Exactly the lines from the beginning of the listing below through the line that contains "during extended wear." should be transcribed, and pictures must stay out.
[Input Boundary: Start]
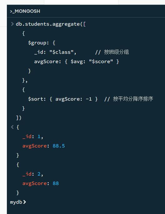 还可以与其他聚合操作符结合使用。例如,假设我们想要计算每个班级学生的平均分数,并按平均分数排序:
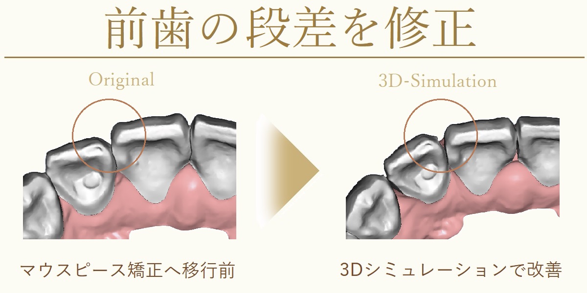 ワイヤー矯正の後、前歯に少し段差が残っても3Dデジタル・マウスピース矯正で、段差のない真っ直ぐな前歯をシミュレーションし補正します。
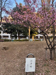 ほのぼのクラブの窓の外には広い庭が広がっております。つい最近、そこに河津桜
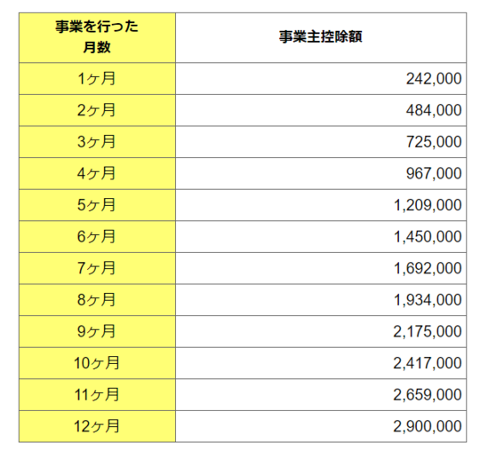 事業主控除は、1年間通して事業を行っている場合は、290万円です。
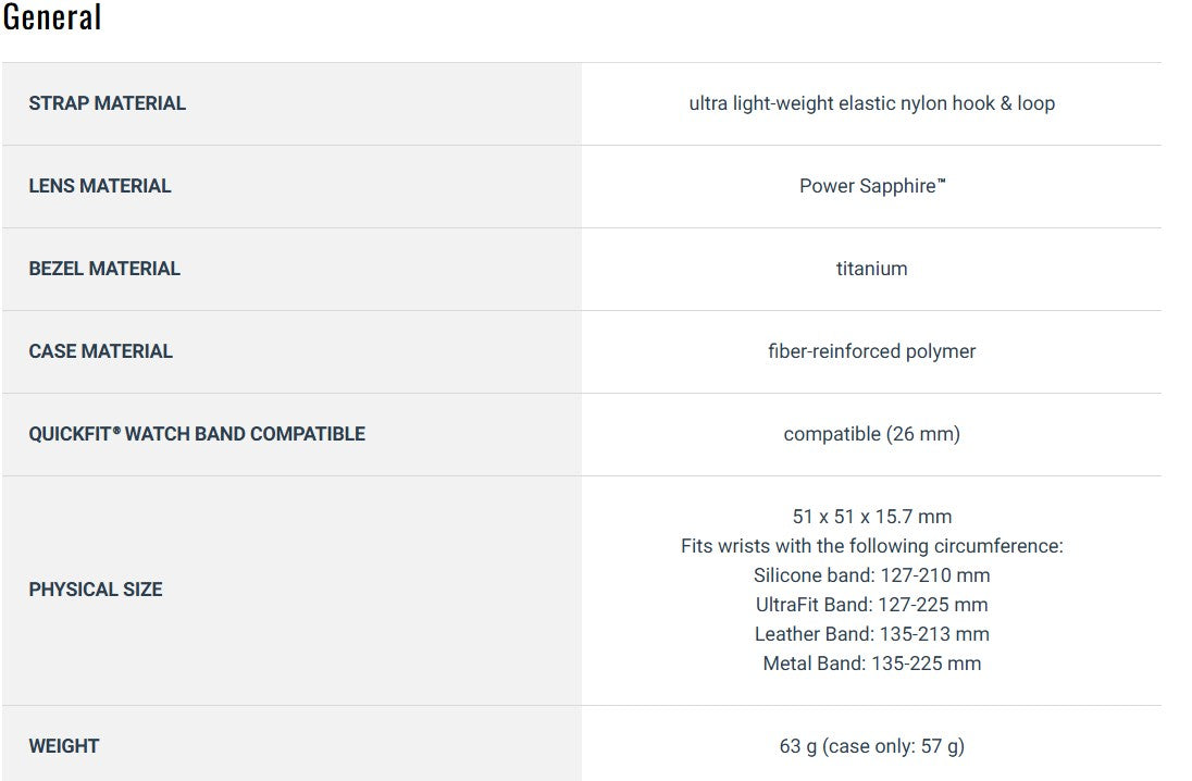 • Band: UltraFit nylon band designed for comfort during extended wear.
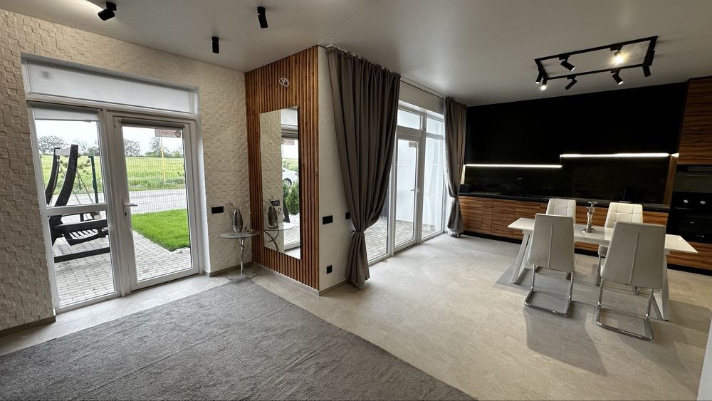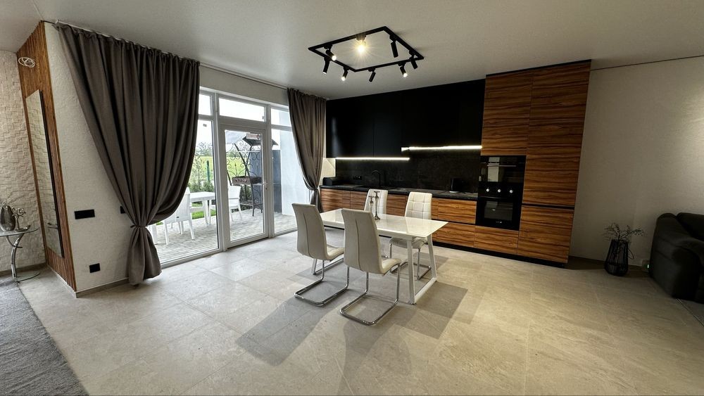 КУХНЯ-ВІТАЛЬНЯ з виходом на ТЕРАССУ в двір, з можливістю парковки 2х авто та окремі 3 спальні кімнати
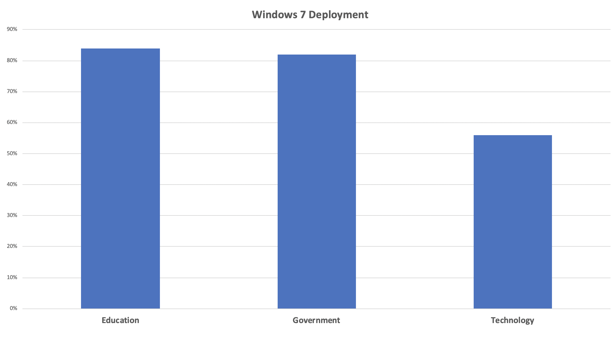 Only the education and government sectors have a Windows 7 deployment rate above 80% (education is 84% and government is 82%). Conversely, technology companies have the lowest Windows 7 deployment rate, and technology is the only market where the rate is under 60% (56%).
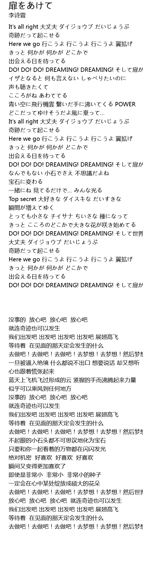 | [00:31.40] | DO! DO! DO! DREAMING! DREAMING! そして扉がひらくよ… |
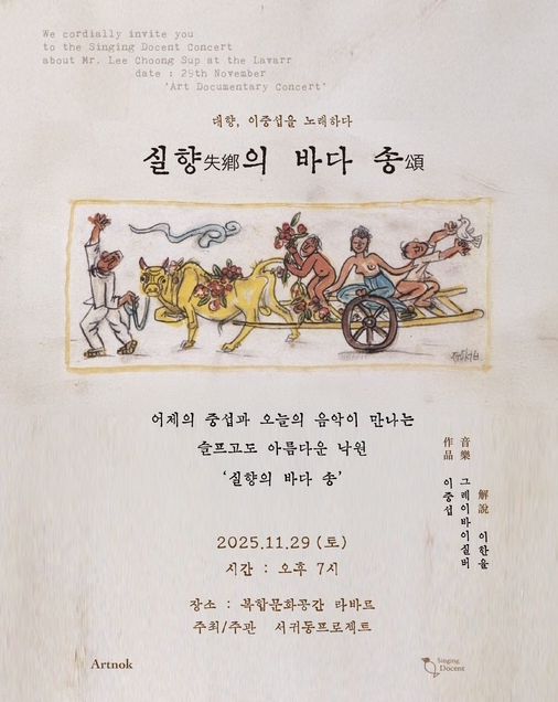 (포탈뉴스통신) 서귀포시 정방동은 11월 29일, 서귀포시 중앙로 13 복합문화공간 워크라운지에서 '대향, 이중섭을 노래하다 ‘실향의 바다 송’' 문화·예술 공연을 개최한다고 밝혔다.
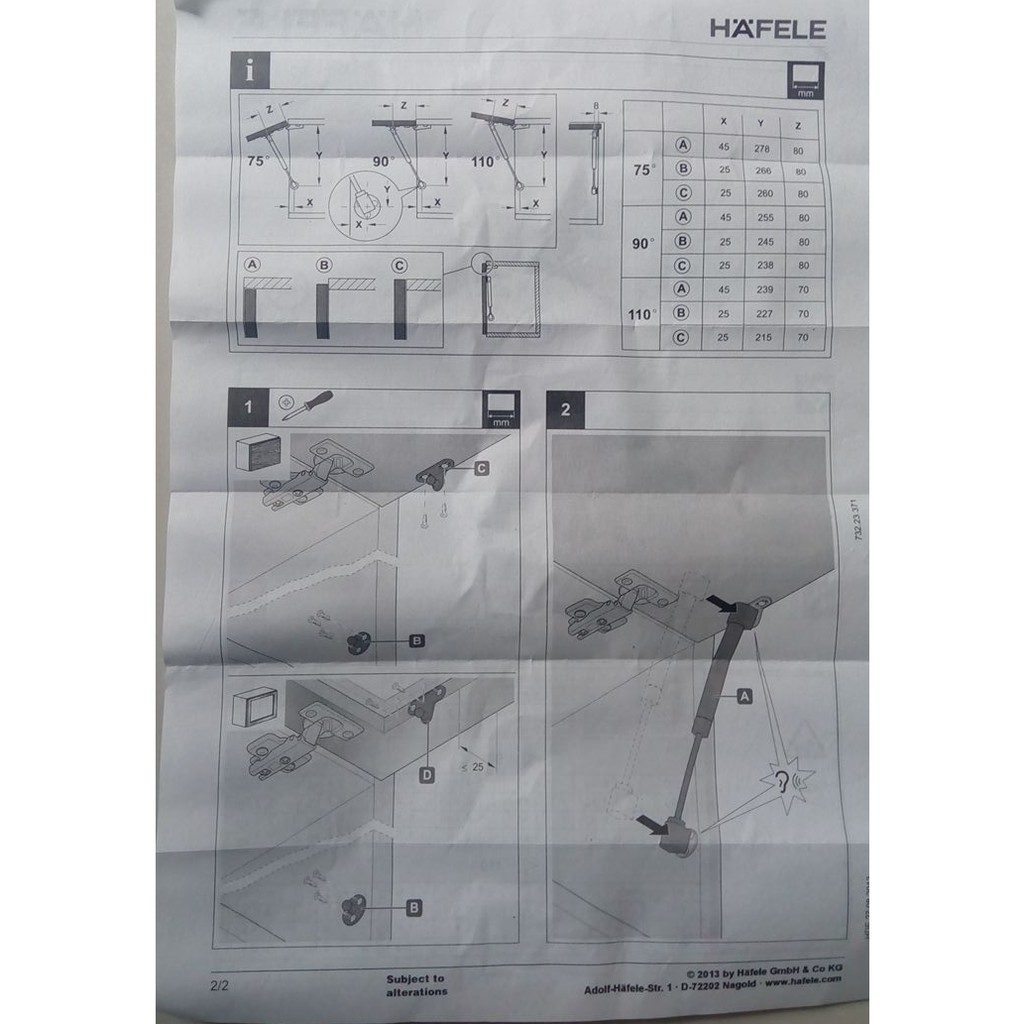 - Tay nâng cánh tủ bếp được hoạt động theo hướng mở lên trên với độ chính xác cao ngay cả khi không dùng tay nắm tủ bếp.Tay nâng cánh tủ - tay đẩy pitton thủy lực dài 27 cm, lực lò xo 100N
[Input Boundary: End]
● **Response below**
 还可以与其他聚合操作符结合使用。例如,假设我们想要计算每个班级学生的平均分数,并按平均分数排序:
 ワイヤー矯正の後、前歯に少し段差が残っても3Dデジタル・マウスピース矯正で、段差のない真っ直ぐな前歯をシミュレーションし補正します。
 ほのぼのクラブの窓の外には広い庭が広がっております。つい最近、そこに河津桜
 事業主控除は、1年間通して事業を行っている場合は、290万円です。
 • Band: UltraFit nylon band designed for comfort during extended wear.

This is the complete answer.